Raw data
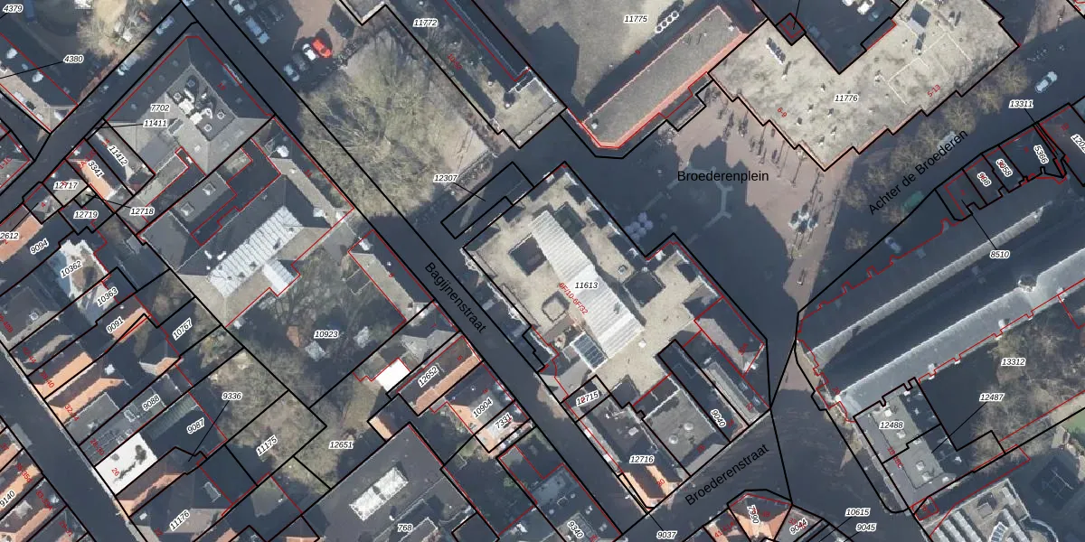 Het perceel waarop Bagijnenstraat 6-F-24 staat heeft een oppervlakte van 1550 m². Dit is een zeer groot perceel. De perceeloppervlakte wordt geregistreerd door het Kadaster. Gedetailleerde informatie over de maten van dit perceel kunt u vinden in het rapport Kadastrale kaart met maatvoering van Bagijnenstraat 6-F-24.
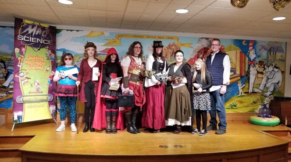 The Sapulpa Public Library held its 2nd annual S.T.E.A.M Con, which stands for Science, Technology, Engineering, Art, and Mathematics Convention, Friday, October 25th, and Saturday, October 26th. The Steampunk and Pop Culture event was sponsored by SeneGence International, Muscogee Creek Nation, and Friends of the Library.
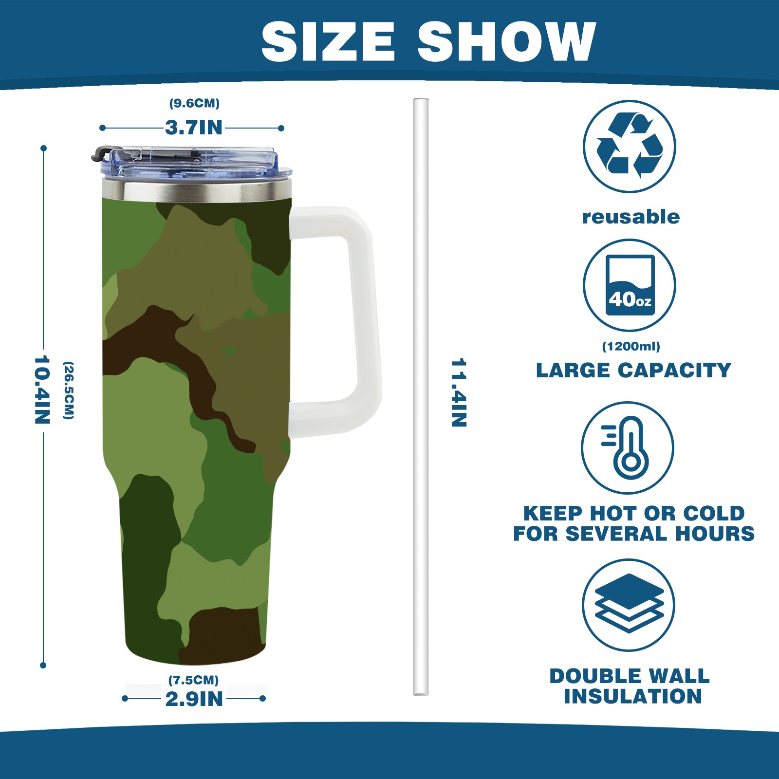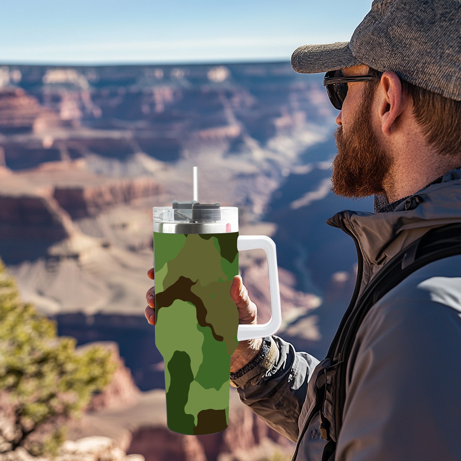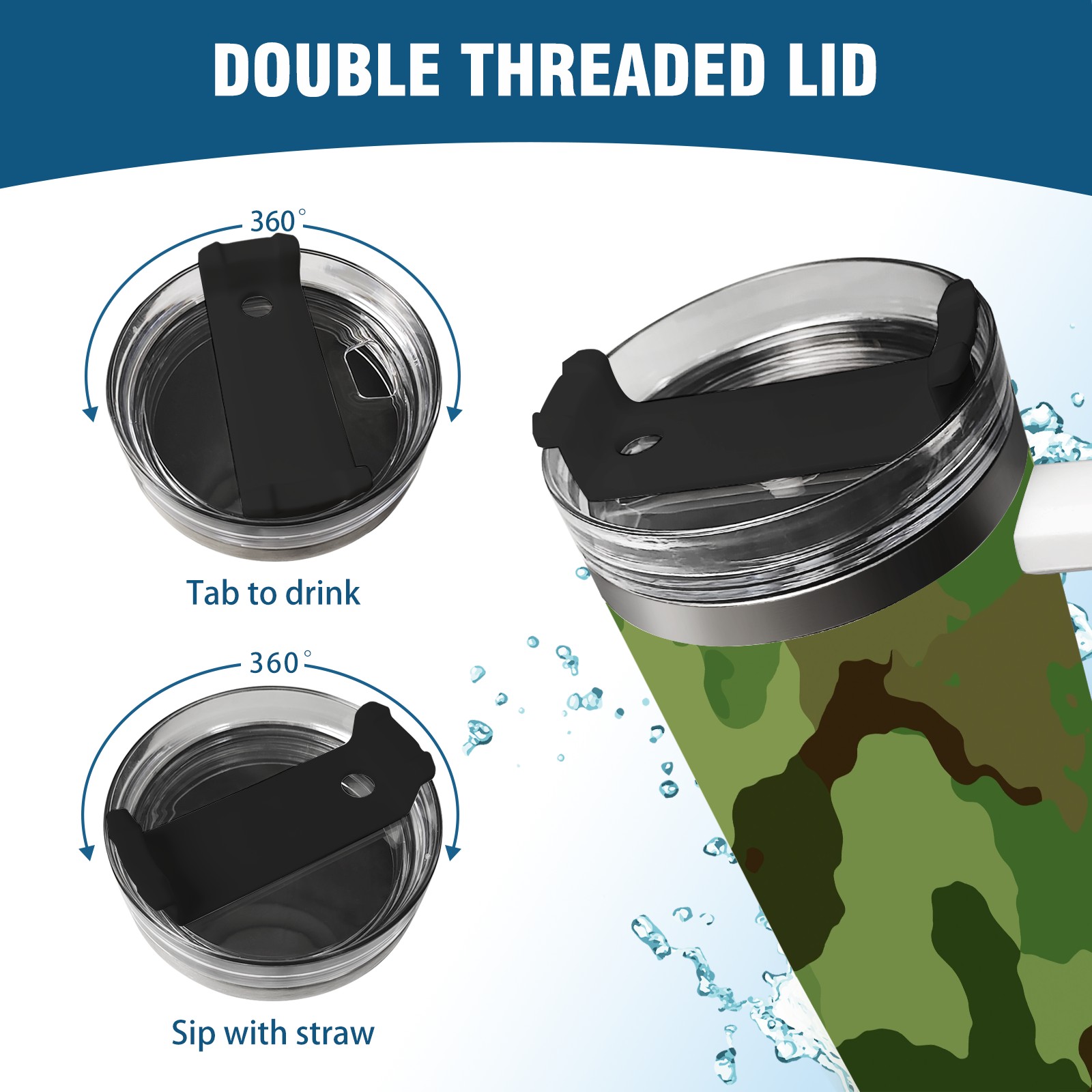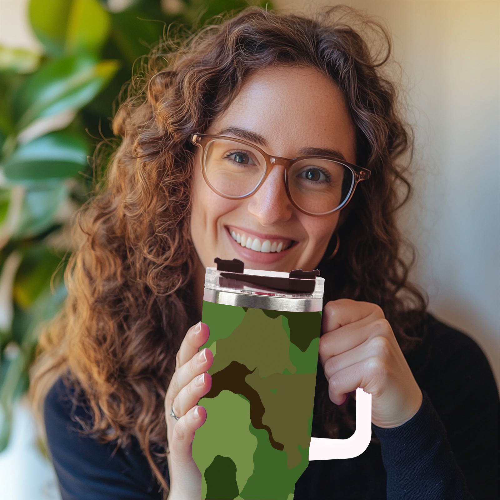 40oz Camouflage Seamless thermos with lid and straw, leak-proof stainless steel, with handle, spill-proof bottle, convenient for travel(pink)

What this task involves
The listing above should be repeated word for word, with every image left out.

Solution
 Het perceel waarop Bagijnenstraat 6-F-24 staat heeft een oppervlakte van 1550 m². Dit is een zeer groot perceel. De perceeloppervlakte wordt geregistreerd door het Kadaster. Gedetailleerde informatie over de maten van dit perceel kunt u vinden in het rapport Kadastrale kaart met maatvoering van Bagijnenstraat 6-F-24.
 The Sapulpa Public Library held its 2nd annual S.T.E.A.M Con, which stands for Science, Technology, Engineering, Art, and Mathematics Convention, Friday, October 25th, and Saturday, October 26th. The Steampunk and Pop Culture event was sponsored by SeneGence International, Muscogee Creek Nation, and Friends of the Library.
 40oz Camouflage Seamless thermos with lid and straw, leak-proof stainless steel, with handle, spill-proof bottle, convenient for travel(pink)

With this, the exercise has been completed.